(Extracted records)
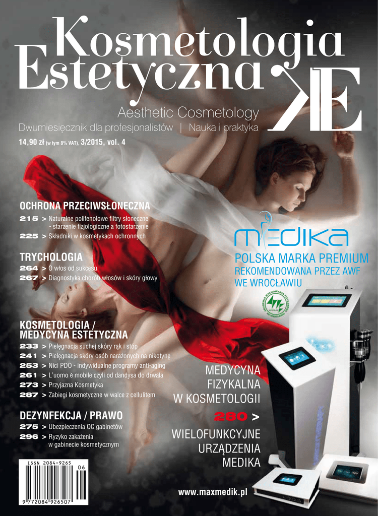 14,90 zł (w tym 8% VAT), 3/2015, vol. 4 OCHRONA PRZECIWSŁONECZNA 215 > Naturalne polifenolowe filtry słoneczne - starzenie fizjologiczne a fotostarzenie 225 > Składniki w kosmetykach ochronnych TRYCHOLOGIA 264 > O włos od sukcesu 267 > Diagnostyka chorób włosów i skóry głowy POLSKA MARKA PREMIUM REKOMENDOWANA PRZEZ AWF WE WROCŁAWIU KOSMETOLOGIA / MEDYCYNA ESTETYCZNA 233 241 253 261 273 287 > Pielęgnacja suchej skóry rąk i stóp > Pielęgnacja skóry osób narażonych na nikotynę > Nici PDO - indywidualne programy anti-aging > L’uomo e mobile czyli od dandysa do drwala > Przyjazna Kosmetyka > Zabiegi kosmetyczne w walce z cellulitem DEZYNFEKCJA / PRAWO 275 > Ubezpieczenia OC gabinetów 296 > Ryzyko zakażenia w gabinecie kosmetycznym MEDYCYNA FIZYKALNA W KOSMETOLOGII 280 > WIELOFUNKCYJNE URZĄDZENIA MEDIKA 3 / 2015 / vol. 4 www.maxmedik.plKosmetologia Estetyczna I II 3 / 2015 / vol. 4 Kosmetologia Estetyczna 3/2015 W numerze N aukowe •• KOSMETOLOGIA / MEDYCYNA ESTETYCZNA artykuły 225. Składniki stosowane w kosmetykach ochronnych 233. Pielęgnacja suchej skóry rąk i stóp 240. Likwidacja zmarszczek bez igły 235. Leczenie przebarwień. Przegląd metod Skin discoloration treatment. Survey of methods Natalia Galas 249. Skin Needling. Zastowowanie urządzeń do makijażu permanentnego w zabiegach kosmetycznych 253. Indywidualne programy anti-aging. Nici PDO 241. Zasady pielęgnacji skóry osób narażonych na nikotynę 261. L’uomo è mobile czyli od dandysa do drwala ART YKUŁ 273. Przyjazna Kosmetyka. Wywiad z Beatą Wątorowską A 280. Polskie kosmetyczne urządzenia wielofunkcyjne klasy premium Skin care rules for smokers Ewa Banasiak ART YKUŁ MEDYCYNA ESTET YCZNA 285. Kosmoceutyki w procesie kompleksowego modelowania sylwetki 287. Cellulit. Przegląd zabiegów kosmetycznych A KOSMETOLOGIA ESTET YCZNA 287. Cellulit. Przegląd zabiegów kosmetycznych Cellulite. Review of cosmetic treatments Justyna Marwicka, Kornelia Niemyska, Olga Cieślicka 193. Ryzyko zakażenia w gabinecie kosmetycznym skie… •• DERMATOLOGIA 215. Starzenie fizjologiczne a fotostarzenie się skóry. cznych ch klasy – konsekwencje cywilnoprawne Risk of infection in beauty parlor – civil law consequences Iwona Wrześniewska-Wal Naturalne polifenolowe filtry słoneczne 224. Przebarwieniom powiedz nie 235. Leczenie przebarwień. Przegląd metod 241. Pielęgnacja skóry osób narażonych na nikotynę Umożliwia to głębokie oczyszczenie skóry. Urządzenie pozwala również na wykonanie mikromasażu z użyciem mikroprądów McT, dzięki czemu uzyskujemy po- także po zakończeniu zabiegu. Zjawisko elektroporacji prawę wyglądu twarzy. Świetnie sprawdza się przy ni- •w• zabiegach TRYCHOLOGIA mezoterapii bezigłowej wsparte jest działa- welowaniu drobnych zmarszczek, cieni pod oczami, niem fali ultradźwiękowej. Poprawia ona przepuszczal- poprawia dotlenienie i odżywienie tkanek. 264. O włos od sukcesu. Trychologia w gabinecie beauty & spa Kombajny Medika mają także opcje, umożliwiające wykonanie oksybrazji, sonoforezy i bezinwazyjnej li- ność błon komórkowych, co ułatwia przenikanie substan- posukcji, opartej na działaniu ultradźwięków i podczer- cji, aDiagnostyka także odprowadzanie metabolitów. 267. chorób włosów i skóry głowy w praktyce Kombajny Medika oferu- wieni. Przynosi ona dobre efekty terapeutyczne, po- Czym jednak mezoterapia firmy Medika przewyższa ją także szereg innych zwalając jednocześnie uniknąć powikłań związanych inne urządzenia? Większość z nich wykorzystuje do możliwości. W module z zabiegami chirurgicznymi. trychologicznej eruje szereg inwa- pracy prąd zmienny o przebiegu sinusoidalnym, trójerunkowanych na kątnym i prostokątnym. Zwiększenie i zmniejszenie na•• DEZYNFEKCJA / PRAWO dmłodzenie. Alter- tężenia następuje w sposób stopniowy. W urządzeniu ewymagające ingeMedika prąd trójkątny wzrasta stopniowo, ale zmniej- gabinetów 275. Ubezpieczenia odpowiedzialności cywilnej owalniające zacho- szenie natężenia jest szybkie, a dodatkowo następuje kosmetycznych alające przedłużyć natychmiastowa zmiana kierunku jego przepływu. Taiałaniu substancji296. kie rozwiązanie poprawia jakość elektroporacji, zwiękRyzyko zakażenia w gabinecie kosmetycznym ykalnych, uspraw- sza i przedłuża efekty zabiegu, stając się doskonałą al– konsekwencje cywilnoprawne mórek skórnych. ternatywą dla inwazyjnych zabiegów medycznych. Temat z okładki fal radiowych, dodano wiązkę promieniowania laserowego o długości fali 650 Medika to marka polska, która tworzenie swojej aparatury oparła na wiedzy krajowych specjalistów. Dobre, bo polskie… nm, co znacznie poprawia efekt terapeutyczny i liftin- W ofercie znajdziemy nie tylko opisany kombajn, ale gujący. Terapia falami radiowymi uchodzi dziś za jeden także nowoczesną aparaturę do zabiegów termolizy Polski producent kosmetycznych urządzeń wielofunkcyjnych działywaniem światła laserowego zwiększa poprawy komfortu pracy i trwałości zastosowano obuklasy premium skuteczność i zapewnia długotrwałe efekty działania. dowy Corian, niehigroskopijne, odporne na ścieranie z najskuteczniejszych zabiegów kosmetycznych popra- i karboksyterapii. Sprzęt zbudowany jest na krajowych wiających owal twarzy i zwalczających nadmiar tkan- podzespołach, co znacznie ułatwia jego serwisowanie ki tłuszczowej. Połączenie jej z biostymulacyjnym od- i zapewnia niezmiennie wysoką jakość urządzeń. Dla i chemię, stosowaną w gabinetach kosmetycznych. Nie s. 280 dermabrazji a stałe do ofert gabi- Rozwiązanie firmy Me- ć się może, że w tym dika – Cellular Nutri Sys- coś innowacyjnego. tem – jest programem wej wzbogacony został ąc naprzeciw oczeki- autorskim, chronionym system Vacuum Control, smetologów. Innowacyjne rozwiązania, poparta bada- ntów, firma Medika patentem. Przy jego tworzeniu współpracowali pra- czyli kontrolą podciśnien
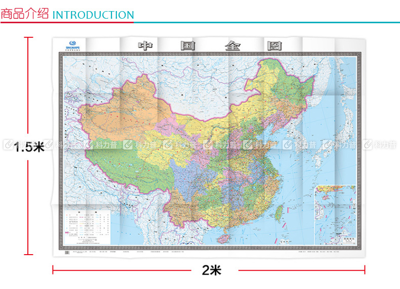 商品名称:国产 中华人民共和国地图 2.1*1.5m (高清彩印)
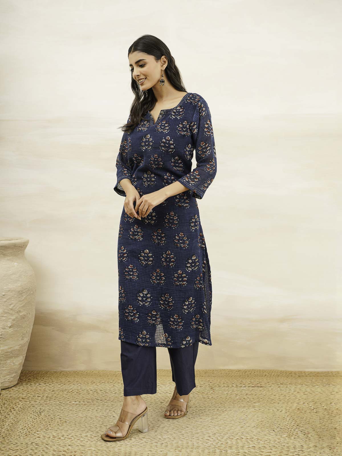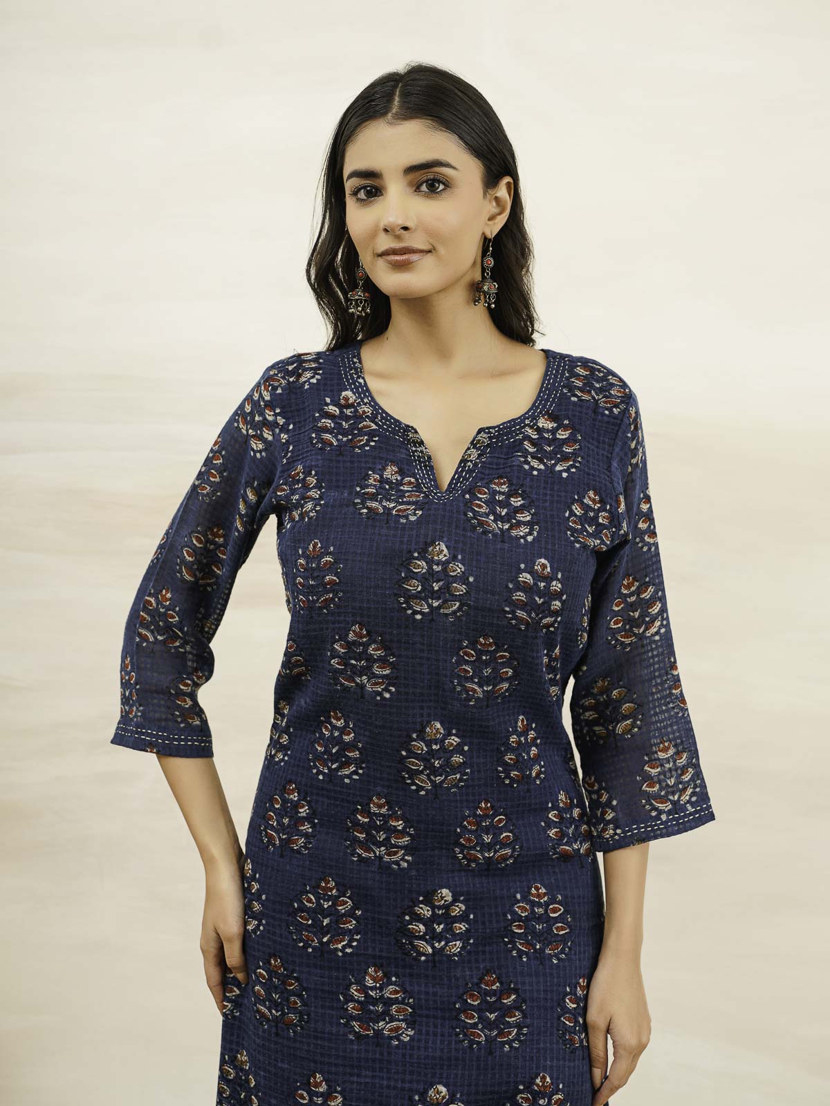 The kurta features a rounded V-neckline and three-quarter sleeves, accentuated with hand-done Kantha stitches.
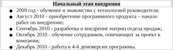 Таб. 2. Начальный этап внедрения системы Целевого Управления
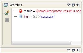Pychar 同时提供了 Variables 和 Watches 窗口,其中调试步骤中所涉及的具体变量的值可以直接在 variable 一栏中查看。
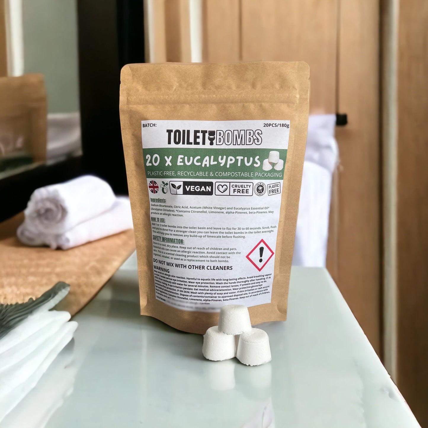 Eucalyptus Toilet Bombs: Sodium Bicarbonate, Citric Acid, Acetum (White Vinegar) and Eucalyptus Essential Oil* (Eucalyptus Citriodora). *Contains Citronellol, Limonene, alpha-Pinenes, beta-Pinenes. May produce an allergic reaction.
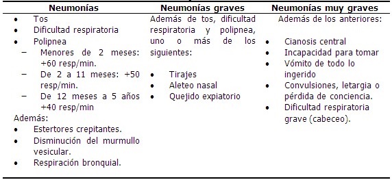 Las Guías Prácticas de la Organización Panamericana de la Salud del año 2009 recomiendan, para cuando no sea posible contar con radiografía de tórax, considerar según el cuadro clínico: neumonías, neumonías graves y neumonías muy graves. (Cuadro 1). (22)

* Task details *
Would you return the data above exactly as written, minus the images?

* Output of the task *
 14,90 zł (w tym 8% VAT), 3/2015, vol. 4 OCHRONA PRZECIWSŁONECZNA 215 > Naturalne polifenolowe filtry słoneczne - starzenie fizjologiczne a fotostarzenie 225 > Składniki w kosmetykach ochronnych TRYCHOLOGIA 264 > O włos od sukcesu 267 > Diagnostyka chorób włosów i skóry głowy POLSKA MARKA PREMIUM REKOMENDOWANA PRZEZ AWF WE WROCŁAWIU KOSMETOLOGIA / MEDYCYNA ESTETYCZNA 233 241 253 261 273 287 > Pielęgnacja suchej skóry rąk i stóp > Pielęgnacja skóry osób narażonych na nikotynę > Nici PDO - indywidualne programy anti-aging > L’uomo e mobile czyli od dandysa do drwala > Przyjazna Kosmetyka > Zabiegi kosmetyczne w walce z cellulitem DEZYNFEKCJA / PRAWO 275 > Ubezpieczenia OC gabinetów 296 > Ryzyko zakażenia w gabinecie kosmetycznym MEDYCYNA FIZYKALNA W KOSMETOLOGII 280 > WIELOFUNKCYJNE URZĄDZENIA MEDIKA 3 / 2015 / vol. 4 www.maxmedik.plKosmetologia Estetyczna I II 3 / 2015 / vol. 4 Kosmetologia Estetyczna 3/2015 W numerze N aukowe •• KOSMETOLOGIA / MEDYCYNA ESTETYCZNA artykuły 225. Składniki stosowane w kosmetykach ochronnych 233. Pielęgnacja suchej skóry rąk i stóp 240. Likwidacja zmarszczek bez igły 235. Leczenie przebarwień. Przegląd metod Skin discoloration treatment. Survey of methods Natalia Galas 249. Skin Needling. Zastowowanie urządzeń do makijażu permanentnego w zabiegach kosmetycznych 253. Indywidualne programy anti-aging. Nici PDO 241. Zasady pielęgnacji skóry osób narażonych na nikotynę 261. L’uomo è mobile czyli od dandysa do drwala ART YKUŁ 273. Przyjazna Kosmetyka. Wywiad z Beatą Wątorowską A 280. Polskie kosmetyczne urządzenia wielofunkcyjne klasy premium Skin care rules for smokers Ewa Banasiak ART YKUŁ MEDYCYNA ESTET YCZNA 285. Kosmoceutyki w procesie kompleksowego modelowania sylwetki 287. Cellulit. Przegląd zabiegów kosmetycznych A KOSMETOLOGIA ESTET YCZNA 287. Cellulit. Przegląd zabiegów kosmetycznych Cellulite. Review of cosmetic treatments Justyna Marwicka, Kornelia Niemyska, Olga Cieślicka 193. Ryzyko zakażenia w gabinecie kosmetycznym skie… •• DERMATOLOGIA 215. Starzenie fizjologiczne a fotostarzenie się skóry. cznych ch klasy – konsekwencje cywilnoprawne Risk of infection in beauty parlor – civil law consequences Iwona Wrześniewska-Wal Naturalne polifenolowe filtry słoneczne 224. Przebarwieniom powiedz nie 235. Leczenie przebarwień. Przegląd metod 241. Pielęgnacja skóry osób narażonych na nikotynę Umożliwia to głębokie oczyszczenie skóry. Urządzenie pozwala również na wykonanie mikromasażu z użyciem mikroprądów McT, dzięki czemu uzyskujemy po- także po zakończeniu zabiegu. Zjawisko elektroporacji prawę wyglądu twarzy. Świetnie sprawdza się przy ni- •w• zabiegach TRYCHOLOGIA mezoterapii bezigłowej wsparte jest działa- welowaniu drobnych zmarszczek, cieni pod oczami, niem fali ultradźwiękowej. Poprawia ona przepuszczal- poprawia dotlenienie i odżywienie tkanek. 264. O włos od sukcesu. Trychologia w gabinecie beauty & spa Kombajny Medika mają także opcje, umożliwiające wykonanie oksybrazji, sonoforezy i bezinwazyjnej li- ność błon komórkowych, co ułatwia przenikanie substan- posukcji, opartej na działaniu ultradźwięków i podczer- cji, aDiagnostyka także odprowadzanie metabolitów. 267. chorób włosów i skóry głowy w praktyce Kombajny Medika oferu- wieni. Przynosi ona dobre efekty terapeutyczne, po- Czym jednak mezoterapia firmy Medika przewyższa ją także szereg innych zwalając jednocześnie uniknąć powikłań związanych inne urządzenia? Większość z nich wykorzystuje do możliwości. W module z zabiegami chirurgicznymi. trychologicznej eruje szereg inwa- pracy prąd zmienny o przebiegu sinusoidalnym, trójerunkowanych na kątnym i prostokątnym. Zwiększenie i zmniejszenie na•• DEZYNFEKCJA / PRAWO dmłodzenie. Alter- tężenia następuje w sposób stopniowy. W urządzeniu ewymagające ingeMedika prąd trójkątny wzrasta stopniowo, ale zmniej- gabinetów 275. Ubezpieczenia odpowiedzialności cywilnej owalniające zacho- szenie natężenia jest szybkie, a dodatkowo następuje kosmetycznych alające przedłużyć natychmiastowa zmiana kierunku jego przepływu. Taiałaniu substancji296. kie rozwiązanie poprawia jakość elektroporacji, zwiękRyzyko zakażenia w gabinecie kosmetycznym ykalnych, uspraw- sza i przedłuża efekty zabiegu, stając się doskonałą al– konsekwencje cywilnoprawne mórek skórnych. ternatywą dla inwazyjnych zabiegów medycznych. Temat z okładki fal radiowych, dodano wiązkę promieniowania laserowego o długości fali 650 Medika to marka polska, która tworzenie swojej aparatury oparła na wiedzy krajowych specjalistów. Dobre, bo polskie… nm, co znacznie poprawia efekt terapeutyczny i liftin- W ofercie znajdziemy nie tylko opisany kombajn, ale gujący. Terapia falami radiowymi uchodzi dziś za jeden także nowoczesną aparaturę do zabiegów termolizy Polski producent kosmetycznych urządzeń wielofunkcyjnych działywaniem światła laserowego zwiększa poprawy komfortu pracy i trwałości zastosowano obuklasy premium skuteczność i zapewnia długotrwałe efekty działania. dowy Corian, niehigroskopijne, odporne na ścieranie z najskuteczniejszych zabiegów kosmetycznych popra- i karboksyterapii. Sprzęt zbudowany jest na krajowych wiających owal twarzy i zwalczających nadmiar tkan- podzespołach, co znacznie ułatwia jego serwisowanie ki tłuszczowej. Połączenie jej z biostymulacyjnym od- i zapewnia niezmiennie wysoką jakość urządzeń. Dla i chemię, stosowaną w gabinetach kosmetycznych. Nie s. 280 dermabrazji a stałe do ofert gabi- Rozwiązanie firmy Me- ć się może, że w tym dika – Cellular Nutri Sys- coś innowacyjnego. tem – jest programem wej wzbogacony został ąc naprzeciw oczeki- autorskim, chronionym system Vacuum Control, smetologów. Innowacyjne rozwiązania, poparta bada- ntów, firma Medika patentem. Przy jego tworzeniu współpracowali pra- czyli kontrolą podciśnien
 商品名称:国产 中华人民共和国地图 2.1*1.5m (高清彩印)
 The kurta features a rounded V-neckline and three-quarter sleeves, accentuated with hand-done Kantha stitches.
 Таб. 2. Начальный этап внедрения системы Целевого Управления
Pychar 同时提供了 Variables 和 Watches 窗口,其中调试步骤中所涉及的具体变量的值可以直接在 variable 一栏中查看。
 Eucalyptus Toilet Bombs: Sodium Bicarbonate, Citric Acid, Acetum (White Vinegar) and Eucalyptus Essential Oil* (Eucalyptus Citriodora). *Contains Citronellol, Limonene, alpha-Pinenes, beta-Pinenes. May produce an allergic reaction.
 Las Guías Prácticas de la Organización Panamericana de la Salud del año 2009 recomiendan, para cuando no sea posible contar con radiografía de tórax, considerar según el cuadro clínico: neumonías, neumonías graves y neumonías muy graves. (Cuadro 1). (22)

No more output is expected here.